But from another angle, if the context and power dynamics work out, a couple may manipulate the forms of an arranged contract in order to provide a context to enjoy their romantic relationship. Rather than the contract serving as an arranged or forced context, it becomes the “fake” context that gives cover to a less public purpose.

Employment Bonds

Outside the upper class, the apprenticeship system is something of a parallel to fosterage. The range of jobs a young woman might be apprenticed into will depend on context, but could include joining her mistress’s household. As with fosterage, she may have an ambiguous position in that household depending on her own background. And her interactions with her fellow apprentices (or with the mistress’s daughter!) create the romantic potential. In the early modern and later eras, you can find a similar dynamic when “poor relations” might place a child in the household of more comfortable relatives, or an unmarried woman might take a place as companion in the household of a relative or social connection of the family.

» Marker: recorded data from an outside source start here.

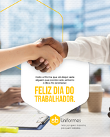 Card homenageando o trabalhador e conectando com o uniforme como símbolo de identidade profissional.
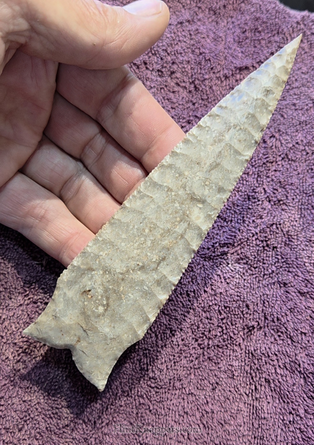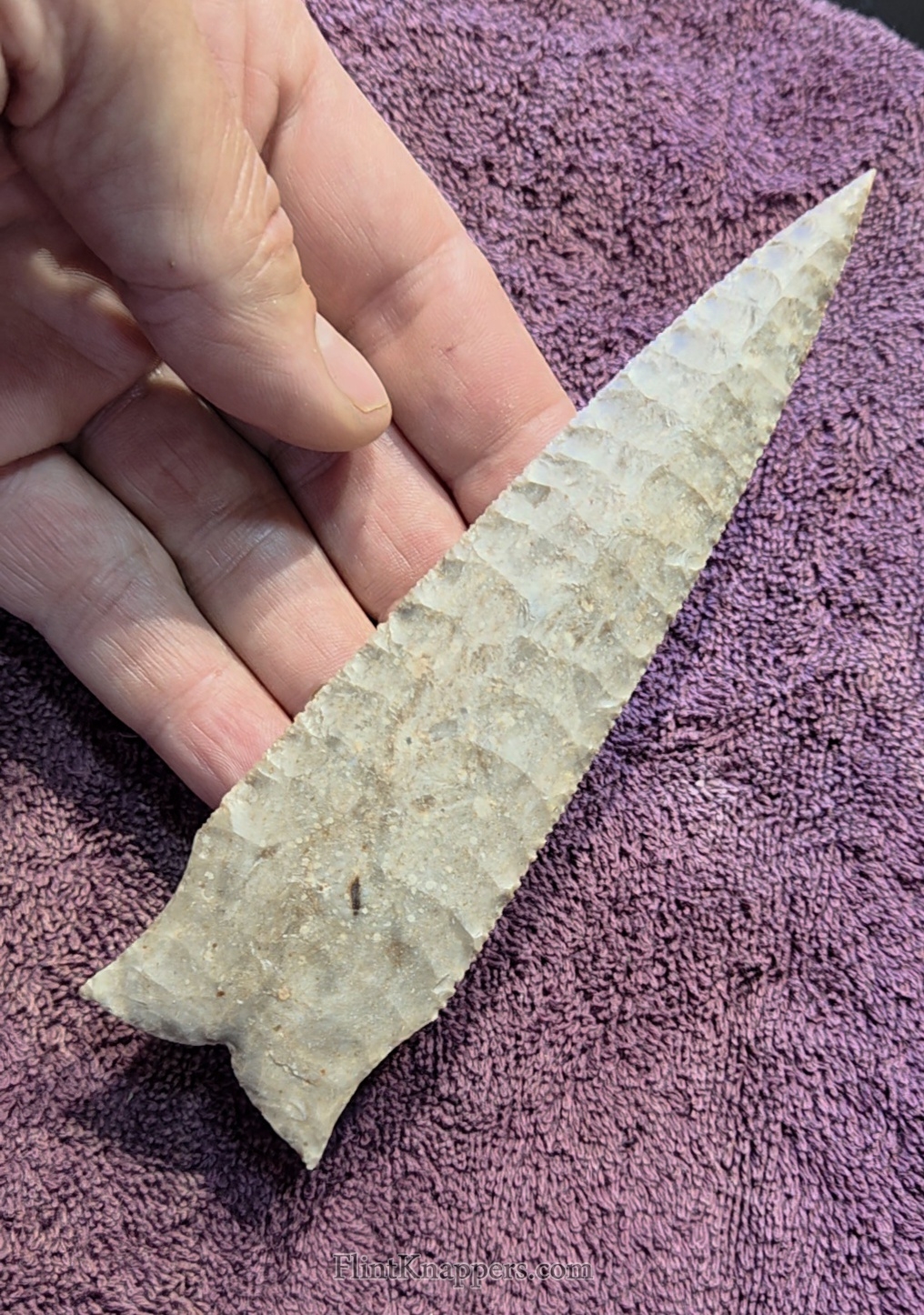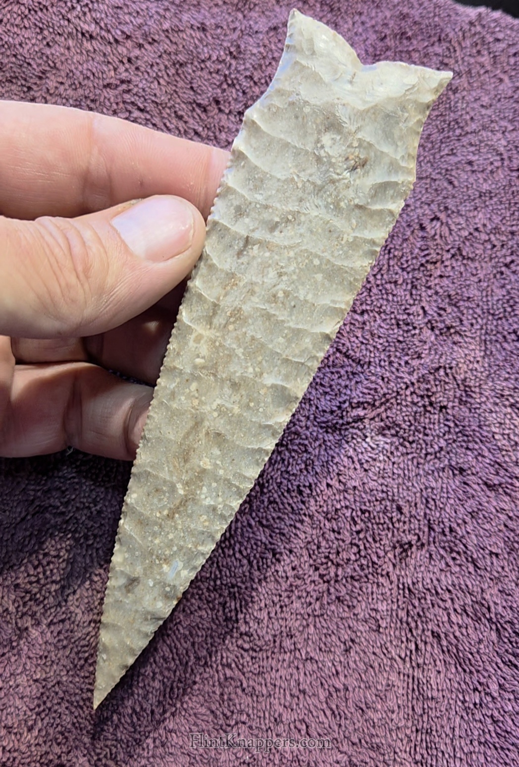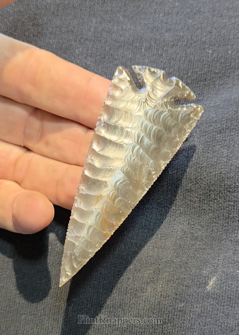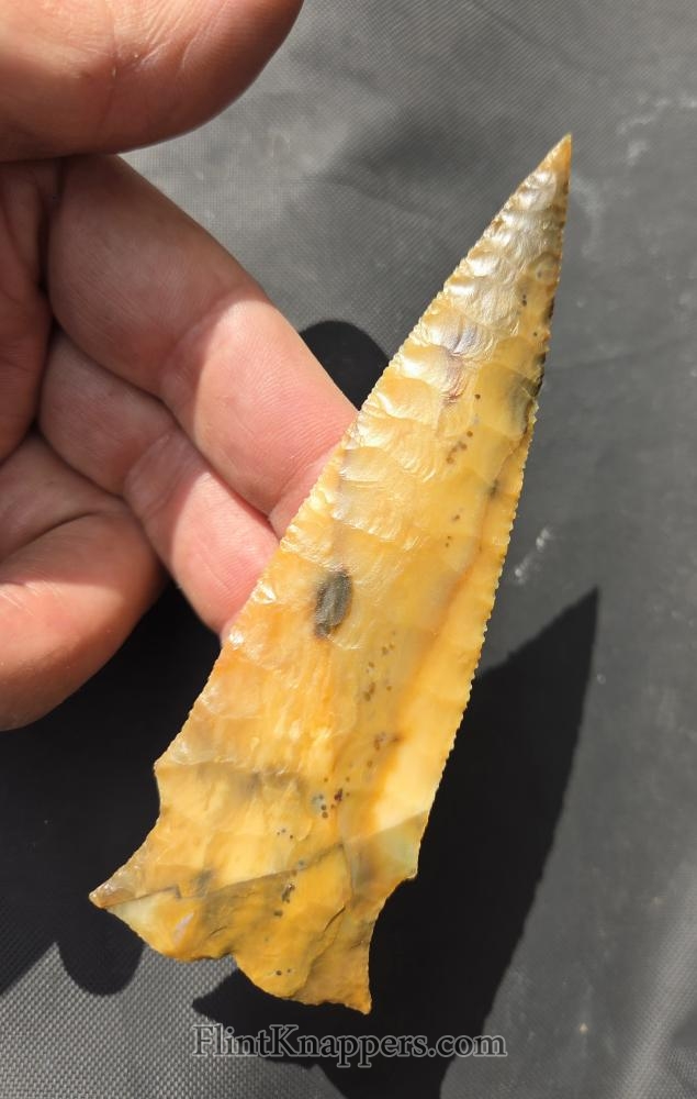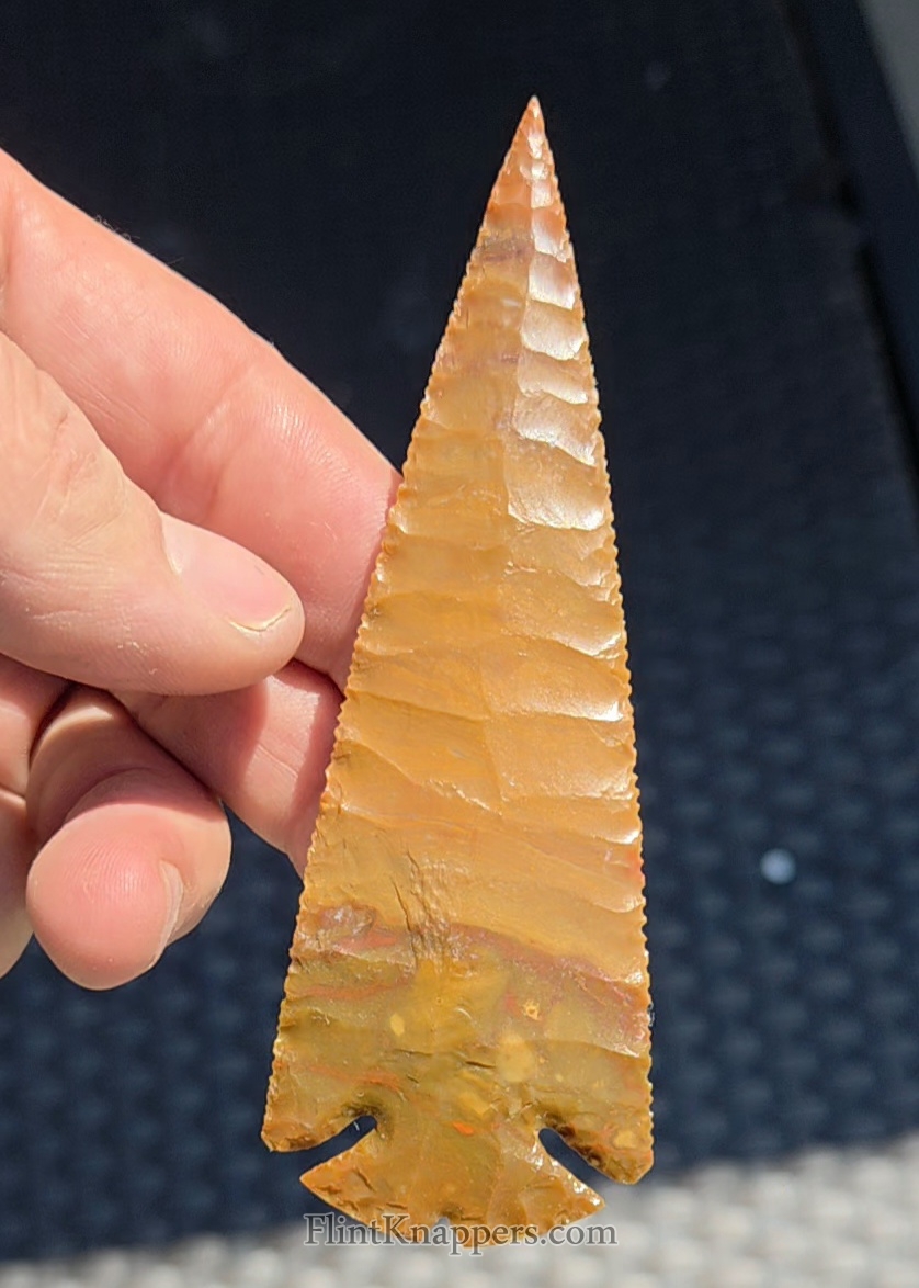 Here is a super nice Elko made from English flint. Very symmetrical flake patterns, deep notches and super thin edges make this a real smoker. Thanks for viewing |
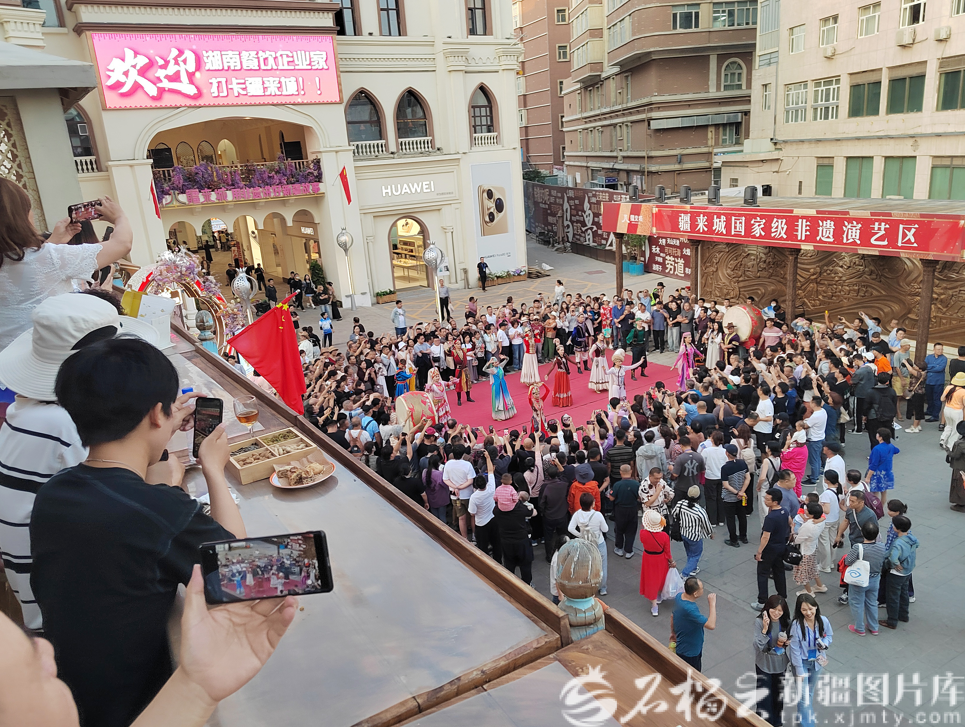 9月8日,游客观看、拍摄新疆国际大巴扎疆来城的文艺表演。

For that matter, any sort of employment situation can create the sort of contractual framework that can operate as an analogue for marriage for the purposes of a trope. While the power dynamics of employer and employee can complicate the ethics of a relationship for modern authors and readers, they are not qualitatively different from the historic power dynamics of husband and wife. Employment in personal service, such as a lady’s maid or--at a higher level of society--as a lady in waiting, creates the sort of intimate proximity in which complicated desires can flourish. And as with other contractual relationships, the “story behind the story” can turn what appears to be straightforward employment into a fake relationship or a relationship of convenience. What if the lady’s maid isn’t actually a working-class servant but is being concealed from danger under the guise of employment? What if the supposedly loyal lady in waiting is actually a spy?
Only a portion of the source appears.